Women and children weren’t a means to an end. Caring well for the vulnerable and hurting was the goal! But growth was the natural byproduct of the early church following in the way of Master Jesus. As more and more people were welcomed into the church community, they discovered a place to belong. This led to the life-changing belief that Jesus really is the Messiah.

It still happens today. When hurting people are connected to a life-changing community, their lives will never be the same.

We don’t care for vulnerable children–and their families–to grow our churches. That’s not love. That’s using and abusing people for some other goal.

But we can adopt the early church’s mentality that one of the main ways we work out our faith in the world is by caring for hurting people. And when we do this, God is pleased to work through it to change lives.

At Christian Heritage, we want children to be safe and flourish. That’s our highest priority. But how do we do that? Only by the church being mobilized and connected to families in hard places. Children and families will flourish when they have a healthy, thriving community. We believe local churches can and will be that for the families we serve.

Hospitality as discipleship: helping people belong before they believe

The key to seeing this come to fruition is a simple principle we must learn to embrace. We welcome people to belong before they believe–even if they never believe.

When serving vulnerable children, we do real-life discipleship in our homes, churches, and communities. Discipleship is so much more than downloading Bible information into our minds! It’s about how we walk with and obey Jesus and relate to each other daily. The children and parents we welcome into our lives get to experience these things through us.

Remember that as we step into hard situations with families, there’s a good chance that the parents you meet have never had healthy routines growing up or role models to learn from. Perhaps they didn’t have appropriate boundaries or people to affirm them and draw out their greatness. Perhaps even the church has been a place of shame and guilt for them.

But you can have a positive impact on them. You can welcome them as they are, without trying to fix or save them. That’s up to Jesus anyway, not you. Your responsibility is to create space for them to belong with you and in your community, even if they don’t believe what you believe.

Plant and water, then let God do the growing

There’s no secret formula to get people to follow Jesus. The children and parents we serve may never come to faith. They may not be excited about going to church with you. They may not want to pray with you. They may say, “Thank you” and be ready to move on with their lives after a placement, a hosting, or an event.

But you can’t control that.

What matters is that you are faithful to extend the love and hospitality of Jesus to people who are made in his image. We plant and water but God makes things grow (see 1 Cor. 3:1-9). Over time, we trust God will use our planting and watering to bring slow, gradual growth in the lives of the people we serve.

When we take seriously the possibility that people can belong before they believe, it gives us the freedom to reimagine what it means to be the church today. Don’t get me wrong. Knowing and believing the right things are important.

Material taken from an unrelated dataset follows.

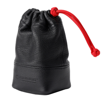 \\nDeze pouch is vervaardigd uit geitenleer, geitenleer is soepel, compact, duurzaam en bestand tegen vervorming, waardoor het een uitstekend materiaal is voor deze pouches. De unieke korreltextuur voegt een aantrekkelijk visueel element toe. Bovendien is het Artisan & Artist merknaam in reliëf aangebracht aan de onderkant van de pouch, waardoor een luxueuze uitstraling ontstaat. Celtische Knoopdetails \\nDe trekkoorden, vervaardigd met paracord, hebben aan beide uiteinden Keltische knopen als stoppers en voor decoratieve doeleinden. Dit voegt een casual maar elegante touch toe aan de pouches. Praktisch Ontwerp \\nDankzij de vierkante vorm van de onderkant is de pouch eenvoudig naast andere items op te bergen. Zachte Bescherming \\nHet interieur is bekleed met zacht, suede-achtig polyesterweefsel om de lens te beschermen. Daarnaast is er een extra kussentje aan de onderkant van de pouch geplaatst om je waardevolle lenzen te beschermen. Modulaire Binnenkant \\nBinnenin de pouch

But no one comes to faith in Jesus because they lost an argument to an articulate Christian.

More often than not, people come to Jesus because they received genuine love from a Christian. After all, as Jesus said, “Everyone will know you are my disciples if you love one another” (see John 13:34-35).

Now, perhaps more than ever, people–especially vulnerable families–want to experience the love, compassion, and grace that Jesus so freely gave when he walked the earth.

We have the chance to show it to them. Will we?

James is the Marketing & Development Director at Christian Heritage. He and his wife, Carly, are former licensed foster parents. Before joining CH, James worked as a pastor, college minister, and CPS investigator with Nebraska DHHS. He and Carly have four kids and live in Lincoln.